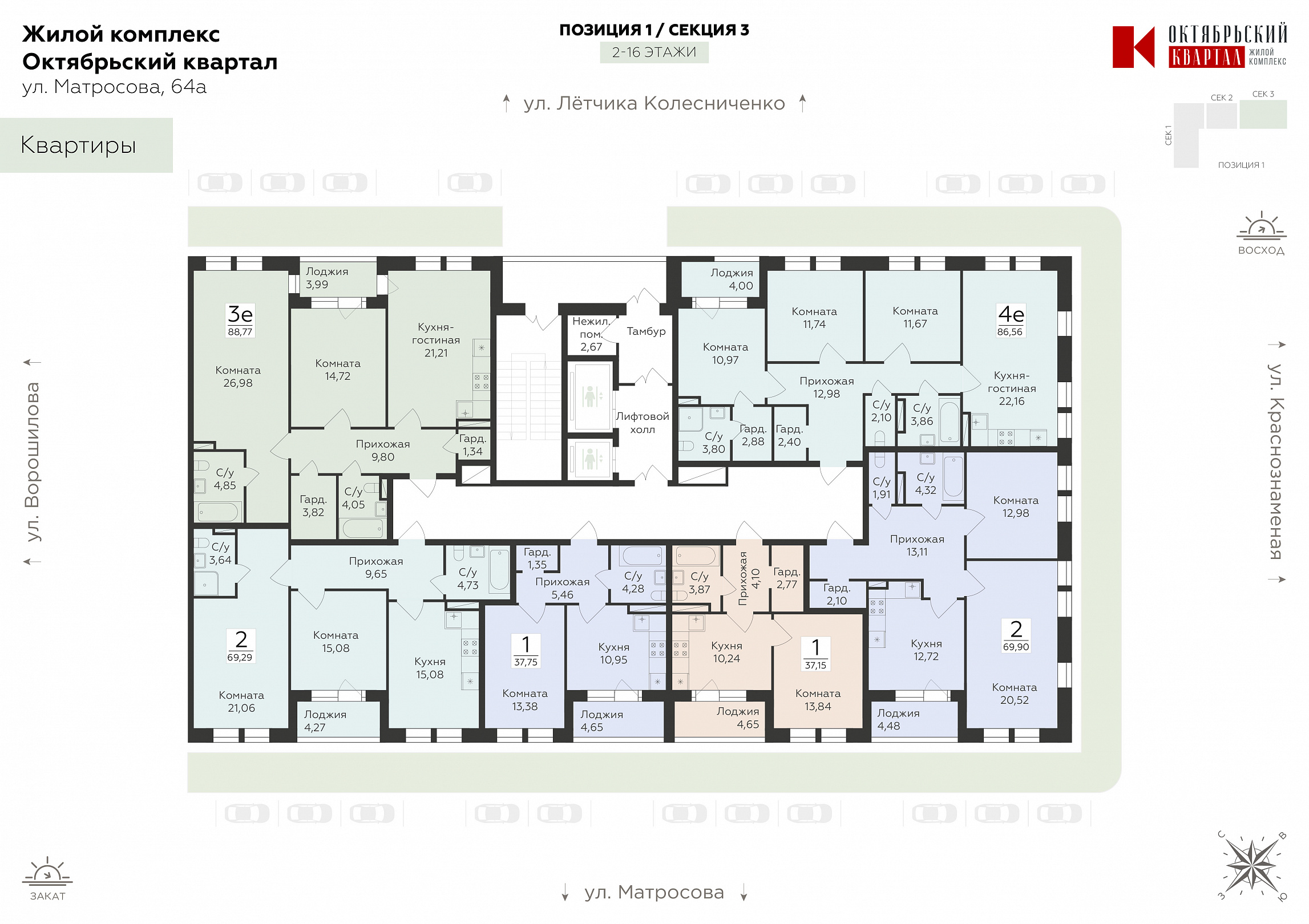 3-ком. квартира (Евро), 88.77 м2, 13 этаж, №226, Октябрьский квартал
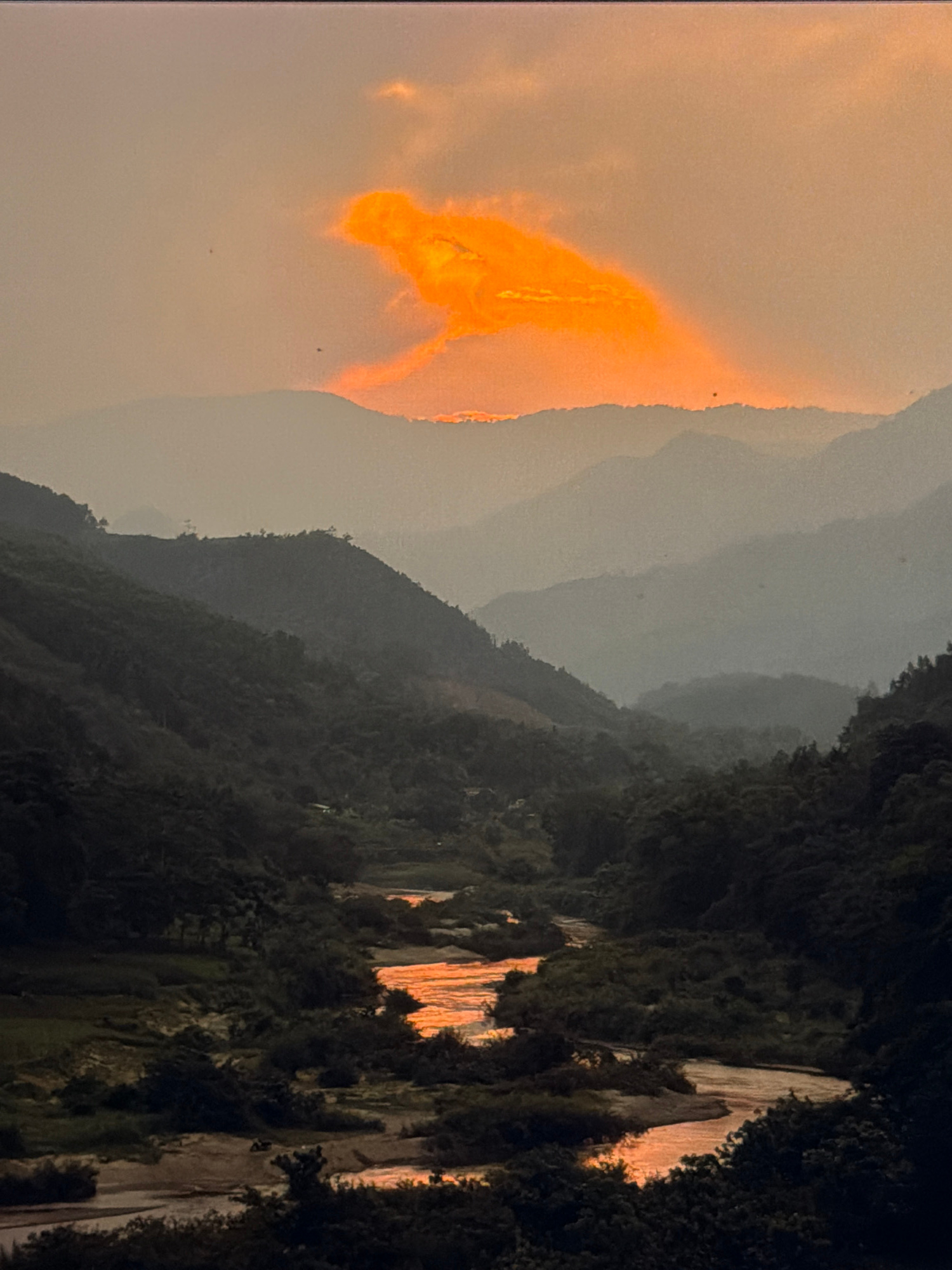 A landscape photograph shows mountains in a hazy scene at sunset, with an orange-colored sky on the left. The mountains fade into the background, becoming lighter in color. On the right, a dark cliff…read more
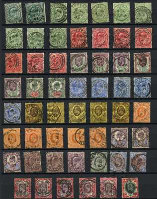 1902-13 mixed printings to 1s used with selected shades selection arranged on a Hagner page mainly with neat cds. Generally fair to superb. (48)
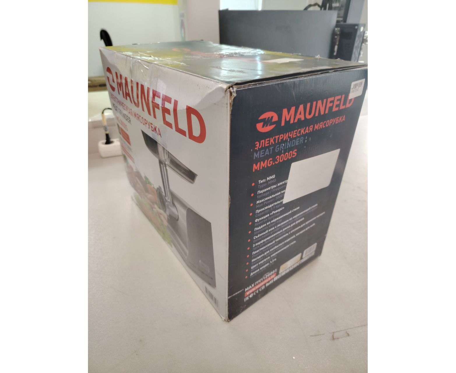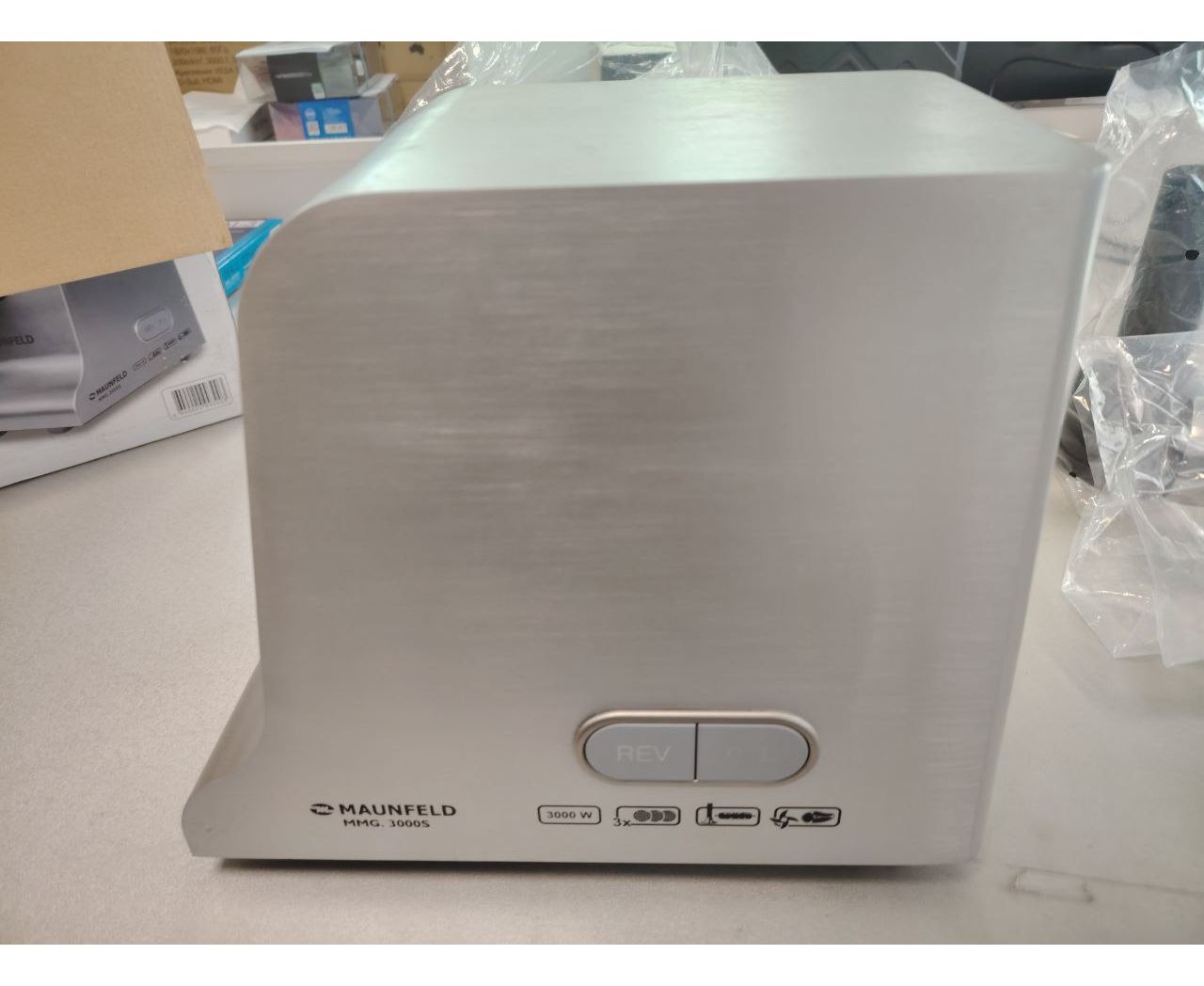 УЦ Мясорубка MAUNFELD MMG.3000S, металлик (плохая упаковка, бу, замена мотора)
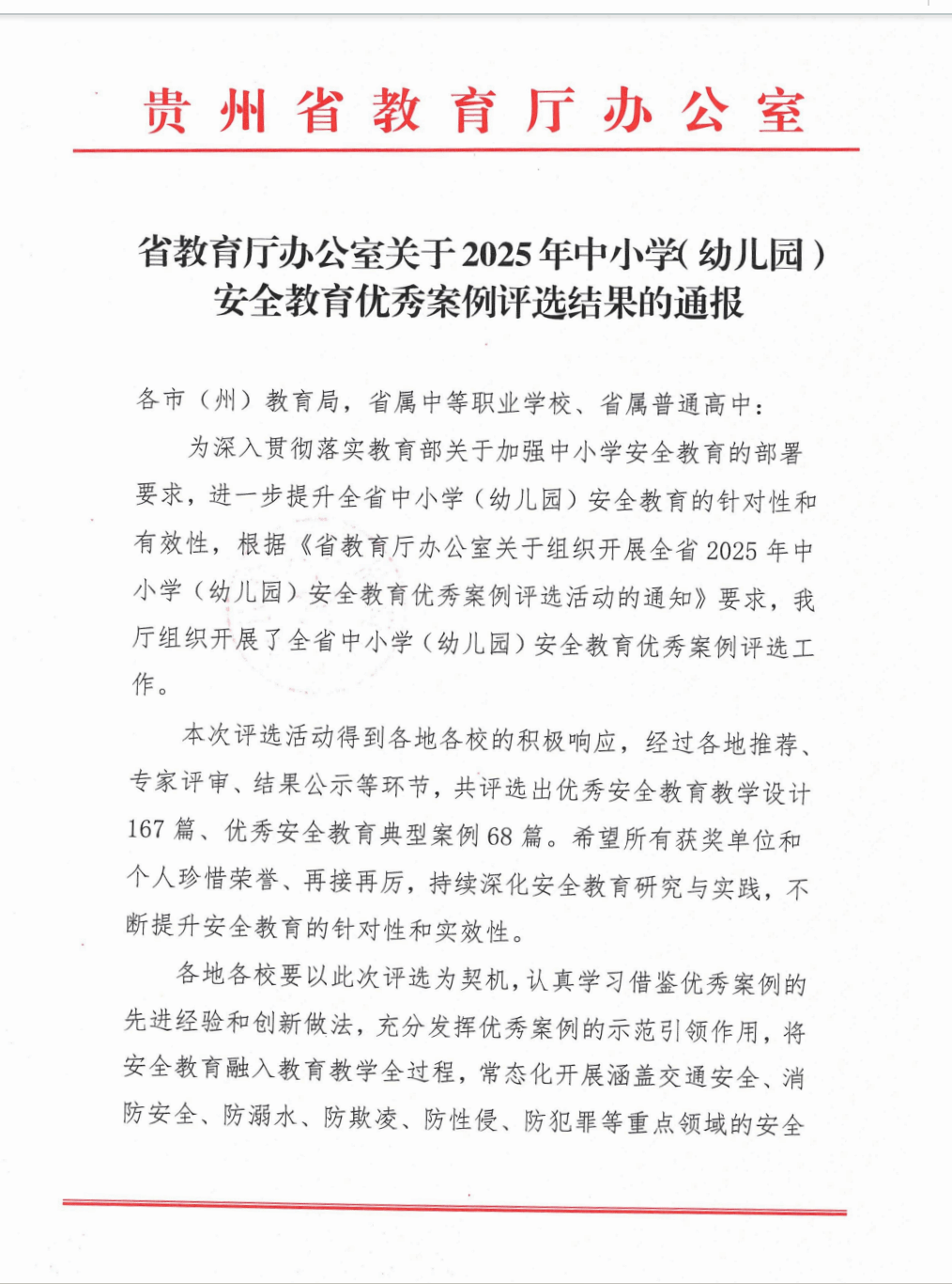 近日,由贵州省教育厅主办的“2025年中小学(幼儿园)安全教育优秀案例评选活动”结果揭晓。党委宣传统战部龙光裕、吴雨苇、严克娅老师和指导教师龙小惠设计并实施的《防火材料知多少——黔东南州少数民族木结构建筑防火》教学设计,凭借其鲜明的特色、创新的设计与显著的育人实效,在全省众多参评设计中脱颖而出,成功入选省级优秀设计。
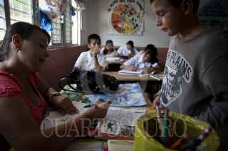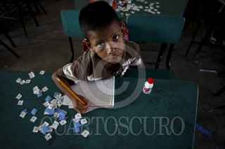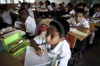 CULIACAN, SINALOA 21SEPTIEMBRE2012.- Después de varias semanas sin clases debido a la falta de maestros en la escuela para hijos de migrantes henry ford 24, ubicada en la sindicatura de Costa Rica, decenas de niños regresan a seguir con sus estudios apesar de las carencias como son la falta de abanicos y aire acondicionado, en ocasiones las lluvias provocan que las clases sean suspendidas por las inundaciones. FOTO: RASHIDE FRÍAS /CUARTOSCURO.COM
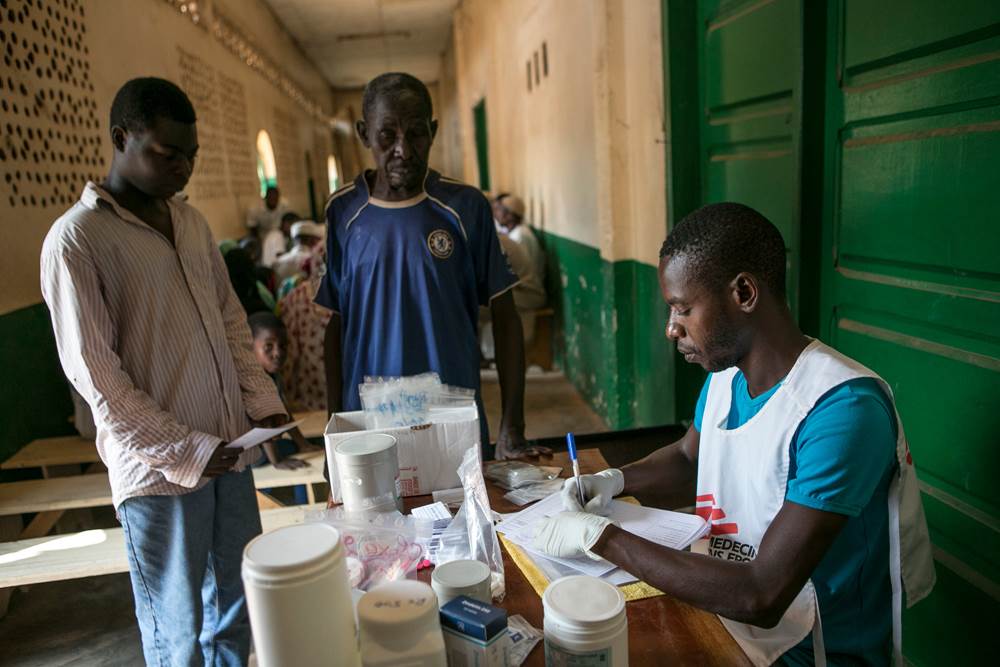 Un agent de MSF consulte les patients
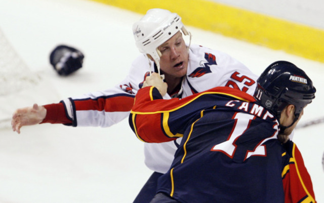 The Caps followed the lead of winger Jason Chimera’s Gordie Howe hat trick, and fought back to win in a shootout last night. (AP Photo/Wilfredo Lee)
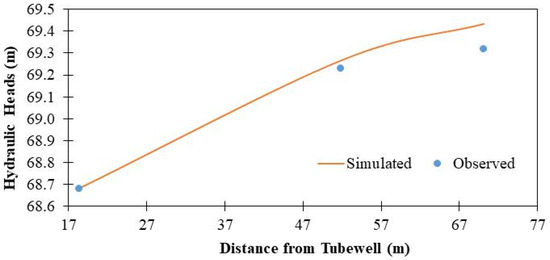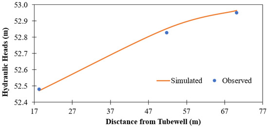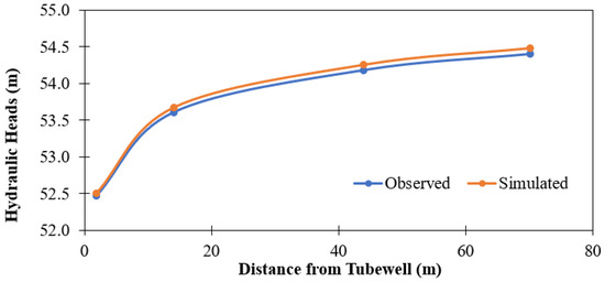 The process of calibration [26,27,28] is a workout that uses a sensitivity approach to modify geological formation properties, time stresses, and boundary circumstances until the historical situations of geological formation flow and head are reproduced with appropriate precision. The initially recorded data assigned to the model were aquifer parameters such as topographical view, shape, altitude, and soil characteristics for all soil strata in geological formation. Throughout pumping tests, values assigned to the model for recharge were taken into consideration as seepage and infiltration from irrigation canals and irrigation applications. Water drained from the system is only considered to be pumped from the well, while the evapotranspiration is insignificant. By means of a trial-and-error approach, the final choice of model factors was achieved. Throughout the process of calibration, the hydraulic properties of the model lenses varied amongst the simulation outcomes of the model and the measured data until there was sufficient correspondence for transient’s groundwater flow. Quite a lot of simulations were performed during the calibration process, and the hydraulic factors of aquifers were changed until the simulated head was attained very near to the measured data as shown in Figure 5Figure 6andFigure 7.

————

» **EXERCISE PROMPT**: Copy everything above from the line holding "CULIACAN, SINALOA 21SEPTIEMBRE2012.- Después" down to the line holding "The Caps followed", both ends included, exactly as it stands and without the pictures.

» **ANSWER BOX**:
 CULIACAN, SINALOA 21SEPTIEMBRE2012.- Después de varias semanas sin clases debido a la falta de maestros en la escuela para hijos de migrantes henry ford 24, ubicada en la sindicatura de Costa Rica, decenas de niños regresan a seguir con sus estudios apesar de las carencias como son la falta de abanicos y aire acondicionado, en ocasiones las lluvias provocan que las clases sean suspendidas por las inundaciones. FOTO: RASHIDE FRÍAS /CUARTOSCURO.COM
 Un agent de MSF consulte les patients
 The Caps followed the lead of winger Jason Chimera’s Gordie Howe hat trick, and fought back to win in a shootout last night. (AP Photo/Wilfredo Lee)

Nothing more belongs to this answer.